Zwar ist grundsätzlich auch dann der Berechtigte seiner Person nach unbekannt, wenn ungewiss ist, ob das eingetragene Recht dem Prätendenten gemäß dessen nicht bewiesener Behauptung oder nicht doch in Wahrheit einer anderen Person zusteht (BGH NJW 2014, 693/694 mit Hinweis auf Mugdan Materialien zum BGB Bd. 3 S. 1007). Stehen dem Grundstückseigentümer jedoch – wie hier – naheliegende und mit zumutbarem Aufwand zu erschließende, aber ungenutzte Erkenntnisquellen hinsichtlich des Verbleibs des Briefs offen, so ist die Person des Gläubigers nicht schon deshalb schlechthin unbekannt, weil die als Gläubigerin auftretende Person ihr Recht nicht nachweist. Ein derart verkürzter (und missbrauchsanfälliger) Ansatz ist der Rechtsprechung nicht zu entnehmen. Stehen ungenutzte Erkenntnisquellen über den Verbleib des Briefs zur Verfügung, ist der Gläubiger nicht schlechthin unbekannt (BGH NJW-RR 2004, 664/665; 2009, 660/661; 2014, 1360/1361; NJW 2014, 693/694). Dass ein Prätendent seine Rechtsstellung nicht nachweist, ändert daran nichts.

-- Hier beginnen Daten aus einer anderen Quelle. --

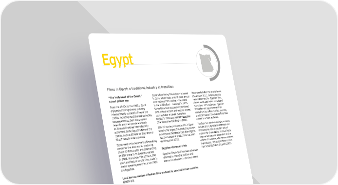 =_qht F ilms in E gyp t: a traditional industry in transition “ T he H ollywood of the O rient, ” =_yhtÌk Öomrik`in_ file indmktry ik Zaked R evenu es fell aft er t h e revolu t ion on a p ast golden age in Cairo, w h ich h ost s a w orld- class annu al 2 5 J anu ary 2 0 1 1 , compou nded b y F rom t h e 1 9 4 0 s t o t h e 1 9 6 0 s, E gy pt Int ernat ional F ilm F est ival — t h e oldest redmced deeand for =_yhtian filek enj oy ed a t h riving cinema indu st ry . in t h e M iddle E ast — lau nch ed in 1 9 7 6 . aZroad ak MK and Andian filek fomnd Anternationally kmccekkfml filek of t`e Koee filek `ave kmccekkfmlly ac`ieved more favor w it h au diences. E gy pt ian 1 9 5 0 s, inclu ding mu sicals and comedies, b ot h crit ical acclaim and popu lar appeal, filek often ktrm__le to cover t`eir b ecame classics, t h eir st ars screen su ch as S ah ar el Daqadi ( S leepless coktk froe Zop office receihtk$ hmk`in_ legends and t h eir produ cers ( su ch N igh t s) in 2 0 0 3 and Aearat Qacoubian hrodmcerk tooard loo%Zmd_et filek t`at as Y ou ssef Ch ah ine) int ernat ionally ( T h e Y acou b ian B u ilding) in 2 0 0 6 . appeal t o a mass au dience. acclaieed& Koee =_yhtian filek of t`e W it h 2 5 movies produ ced in 2 0 1 3 , E gy pt T h e E gy pt ian movie indu st ry ’ s prob lems 1 9 6 0 s, su ch as El Hara’ or Shay men el reeaink t`e lar_ekt file hrodmcin_ comntry inclu de piracy b y sat ellit e ch annels and Khauf’ remain w idely revered. in Africa and t h e M iddle E ast aft er N igeria. file oeZkitek$ and t`e ktateÌk lacc of =_yht oent on to Zecoee t`e fileeacin_ Y et , t h e nu mb er of produ ct ions h as b een su pport for t h e indu st ry . In t h is climat e, cent er for t h e Arab w orld, produ cing declining since 2 0 1 0 . cinema h as b ecome dependent on t h e aZomt ,( filek a year and coeeandin_ effort s of invest ors, w h o h ave su cceeded an 8 5 % sh are in it s domest ic mark et E gyp tian cinema in crisis in hrodmcin_ `i_`%Zmd_et filek kmc` ak in 2 0 0 8 . M ore t h an 7 5 % of t h e 4 , 0 0 0 =_yhtian file omthmt `ak Zeen adverkely H ani K h alifa’ s Sahar al-Layali ( 2 0 0 3 ) . k`ort and featmre%len_t` filek eade in affect ed b y ch anging polit ical and Arab ic- speak ing cou nt ries since 1 9 8 0 economic u ph eavals in t h e Arab w orld. are E gy pt ian. Dgcal `ejges2 fmebej g^ ^ealmje files hjg\mce\ bq selecle\ A^jicaf cgmfljies ( 2 0 0 9 - 1 3 ) 5 0 4 5 4 3 4 0 3 5 3 3 3 0 2 5 2 5 2 3 2 5 2 2 2 4 2 5 2 0 1 9 1 9 1 6 1 7 1 5 1 7 1 8 1 0 1 3 9 8 5 7 1 4 0 2 0 0 9 2 0 1 0 2 0 1 1 2 0 1 2 2 0 1 3 E gy pt S ou t h Africa M orocco T u nisia S ou rce: E u ropean Au diovisu al O b servat ory | 7 6 Cultural times L`e Õrst _dobad eah o^ cudturad an\ creatine in\ustries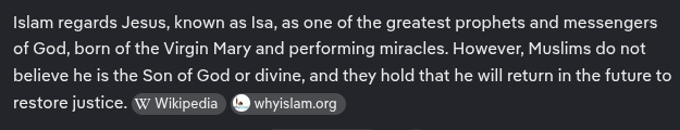 >>532316931>classic Divide and Conquer straight from the talmudThe only disagreement point islam has with christianity is about him being the son of god and not his prophet. Everything else is on point.In fact they expect him to return and lead both muslims and christians against the jewish false messiah.You know what the jews say about christ, though?

d) Mit dem Inhalt des Anwaltschreibens vom 26.1.2017 (Anlage GKZ 8) ist auch ein Abhandenkommen des Grundpfandbriefs nicht glaubhaft gemacht. Denn indem für die GmbH lediglich vorgetragen wird, „die Grundschuldbriefe“ lägen im Original nicht mehr vor, ist mangels Schilderung der Ursache ein Abhandenkommen des Briefs nicht dargetan. Für die Entscheidung kommt es deshalb nicht mehr darauf an, ob mit Blick auf die Bestimmung in § 1162 BGB der Gläubiger eines Briefgrundpfandrechts schon allein deshalb als unbekannt im Sinne von § 1170 BGB angesehen werden könnte, weil der Grundschuldbrief abhanden gekommen ist (a. A. OLG Düsseldorf FGPrax 2013, 134/135).

III.

Eine Kostenentscheidung ist nicht veranlasst, weil der Beteiligte bereits nach dem Gesetz, § 22 Abs. 1 GNotKG, die gerichtlichen Kosten schuldet.

Der Geschäftswert des Beschwerdeverfahrens entspricht dem Nennbetrag der Grundschuld (§ 61 Abs. 1, § 53 Abs. 1, § 36 Abs. 1 GNotKG; Senat vom 20.10.2016, 34 Wx 360/16 = FGPrax 2017, 47).

Die Voraussetzungen für die Zulassung der Rechtsbeschwerde (§ 70 Abs. 2 FamFG) liegen nicht vor, weil die maßgeblichen Rechtsgrundsätze höchstrichterlich geklärt sind.